We print the generated protocol tables and one example `metrics.json` to confirm the pipeline produced results end-to-end.

In [None]:
import json
from pathlib import Path

reports_root = OUT_ROOT / "reports"
tables_path = reports_root / "protocol_tables.md"

print("protocol_tables.md ->", tables_path)
print(tables_path.read_text(encoding="utf-8"))

metrics_paths = sorted((OUT_ROOT / "runs").rglob("metrics.json"))
print("metrics.json files:", len(metrics_paths))
if metrics_paths:
    sample = metrics_paths[0]
    print("Example run ->", sample)
    payload = json.loads(sample.read_text(encoding="utf-8"))
    print(json.dumps(payload, indent=2)[:2000])

## Sizing: `bench` + `estimate`

`bench` measures step time (and GPU memory if on CUDA). `estimate` uses split counts + the bench results to compute end-to-end runtime and resource estimates.
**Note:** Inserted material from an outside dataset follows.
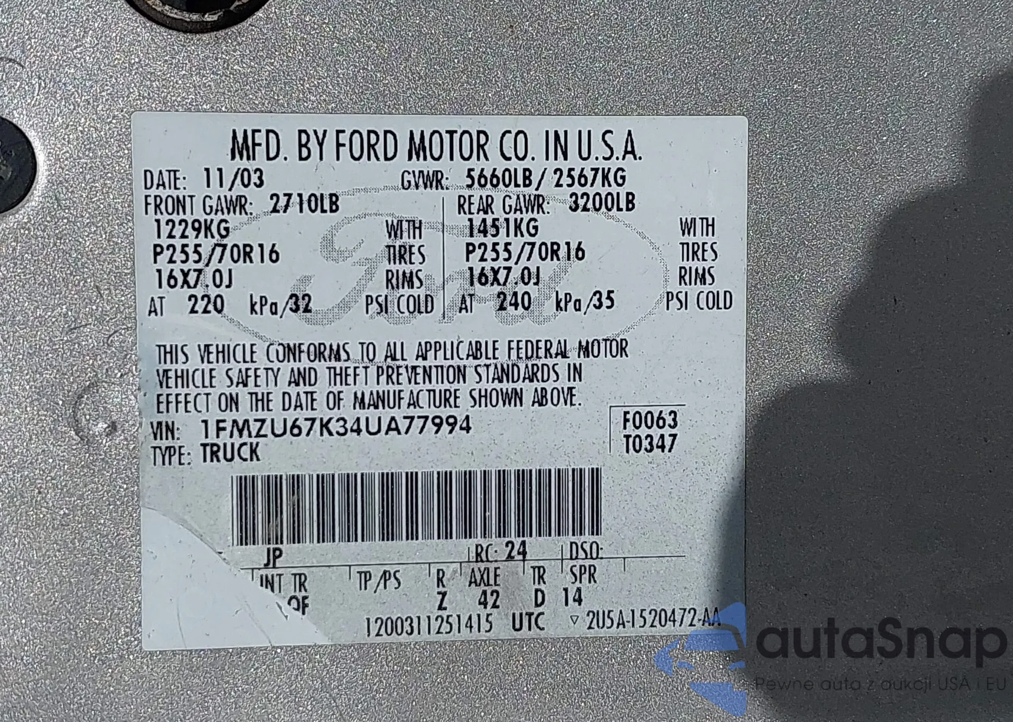 • VIN 1FMZU67K34UA77994
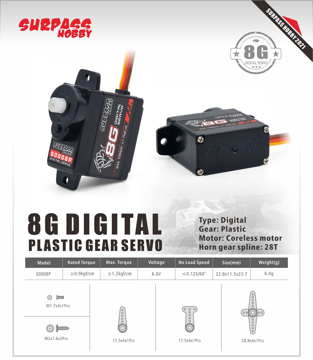 Surpass Hobby 2g 3.7g 4.3g 6g 8g Micro Digital Mini Servo Metal and Plastic Gear for Rc Drone Airplane Fixed-wing Car Robot

We keep this tiny and CPU-only for Colab speed.

In [None]:
import json
import subprocess
import sys

cmd_bench = [
    sys.executable,
    "-m",
    "tinyml_semg_classifier.cli",
    "bench",
    "-c",
    BASE_CONFIG,
    "--profile",
    PROFILE,
    "--overrides",
    str(overrides_path),
    "--warmup-steps",
    "1",
    "--measure-steps",
    "5",
    "--device",
    "cpu",
]
print("Running:", " ".join(cmd_bench))
subprocess.run(cmd_bench, check=True)

cmd_estimate = [
    sys.executable,
    "-m",
    "tinyml_semg_classifier.cli",
    "estimate",
    "-c",
    BASE_CONFIG,
    "--profile",
    PROFILE,
    "--overrides",
    str(overrides_path),
    "--gpus",
    "1",
    "--alpha",
    "1.0",
]
print("Running:", " ".join(cmd_estimate))
subprocess.run(cmd_estimate, check=True)

bench_path = OUT_ROOT / "artifacts" / "sizing" / "bench.json"
estimate_path = OUT_ROOT / "artifacts" / "sizing" / "estimate.json"

bench = json.loads(bench_path.read_text(encoding="utf-8"))
estimate = json.loads(estimate_path.read_text(encoding="utf-8"))

print("bench.json ->", bench_path)
print(json.dumps(bench, indent=2)[:2000])

print("estimate.json ->", estimate_path)
print("Wall-time hours (estimate):", estimate["time_hours"]["wall"])
print("Peak VRAM GB (estimate):", estimate["resources"]["gpu_vram_gb"])

## Next steps

- Switch `PROFILE` to `dev_mini` for a slightly larger fixture run.
- Run without a profile (or with `dry_run`) for real NinaPro data.
- Use `configs/experiments/protocol_sensitivity_semg_cnn.yml` to change protocols, models, or seeds.